## What to produce:
Without any pictures, restate the full set of records below exactly.

## Listed entries:
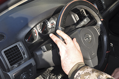 Petro Burjak kommer körande i en vanlig automatbil. Han visar hur han hanterar gaspedalen med högra benet, eller rättare sagt med protesen som går upp till halva låret och även innefattar ett konstgjort knä.
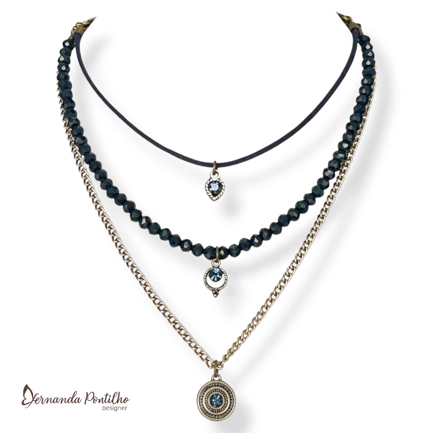 12064 COLAR CURTO 3 VOLTAS C/ CRISTAIS E BERLOQUES AZUL MARINHO
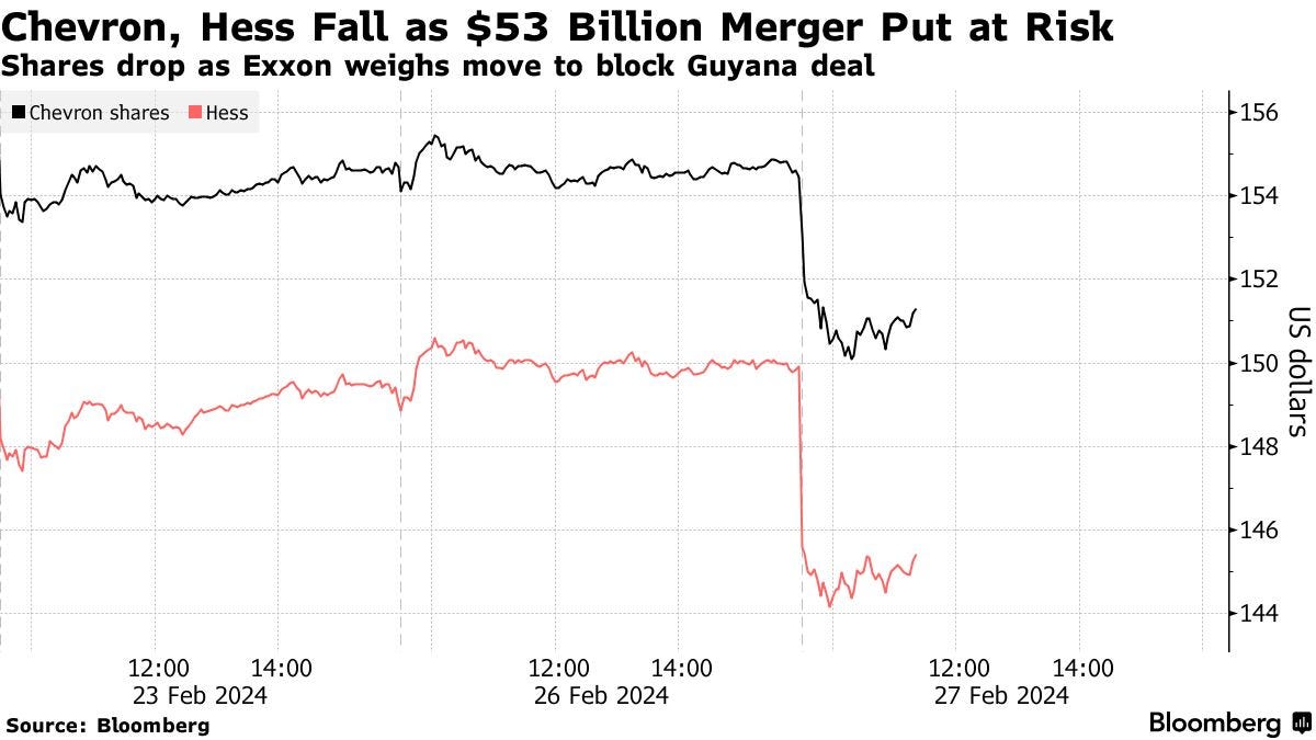 Chevron's $53 billion merger with Hess threatened as Exxon claims it may exercise right of first refusal to buy Hess's 30% stake in Guyana oil block.
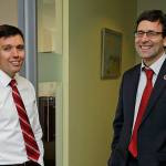 Washington state Solicitor General Noah Purcell, left, and Attorney General Bob Ferguson, right, pose Friday next to their adjoining offices in Seattle. (Ted S. Warren/The Associated Press)
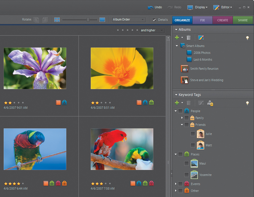 Adobe Photoshop Elements 6 har også gjort det nemmere at holde styr på din voksende samling af fotos. Du kan "tagge" billederne, og det vil sige, at du kan tilføje oplysninger til et fotos – eksempelvis "Onkel Knud", "Ferie" og "Hawaii" – og du kan tilføje stjerner, alt efter hvor godt fotoet er. På den måde vil du få nemmere ved at søge i din digitale billedsamling fremover.
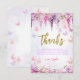 O design apresenta cores pastéis como lavanda, verde menta e rosa bebê, adornado com flores de wisteria suaves e borboletas divertidas. Esses elementos criam um sentimento suave e mágico. O convite apresenta as palavras "obrigado" em letra de glitter dourado brilhante, adicionando um toque de brilho e diversão. Este design simples, porém encantador, é perfeito para uma celebração de aniversário alegre como 1º aniversário, 7º aniversário e mais.

## Written reply:
 Petro Burjak kommer körande i en vanlig automatbil. Han visar hur han hanterar gaspedalen med högra benet, eller rättare sagt med protesen som går upp till halva låret och även innefattar ett konstgjort knä.
 12064 COLAR CURTO 3 VOLTAS C/ CRISTAIS E BERLOQUES AZUL MARINHO
 Chevron's $53 billion merger with Hess threatened as Exxon claims it may exercise right of first refusal to buy Hess's 30% stake in Guyana oil block.
 Washington state Solicitor General Noah Purcell, left, and Attorney General Bob Ferguson, right, pose Friday next to their adjoining offices in Seattle. (Ted S. Warren/The Associated Press)
 Adobe Photoshop Elements 6 har også gjort det nemmere at holde styr på din voksende samling af fotos. Du kan "tagge" billederne, og det vil sige, at du kan tilføje oplysninger til et fotos – eksempelvis "Onkel Knud", "Ferie" og "Hawaii" – og du kan tilføje stjerner, alt efter hvor godt fotoet er. På den måde vil du få nemmere ved at søge i din digitale billedsamling fremover.
 O design apresenta cores pastéis como lavanda, verde menta e rosa bebê, adornado com flores de wisteria suaves e borboletas divertidas. Esses elementos criam um sentimento suave e mágico. O convite apresenta as palavras "obrigado" em letra de glitter dourado brilhante, adicionando um toque de brilho e diversão. Este design simples, porém encantador, é perfeito para uma celebração de aniversário alegre como 1º aniversário, 7º aniversário e mais.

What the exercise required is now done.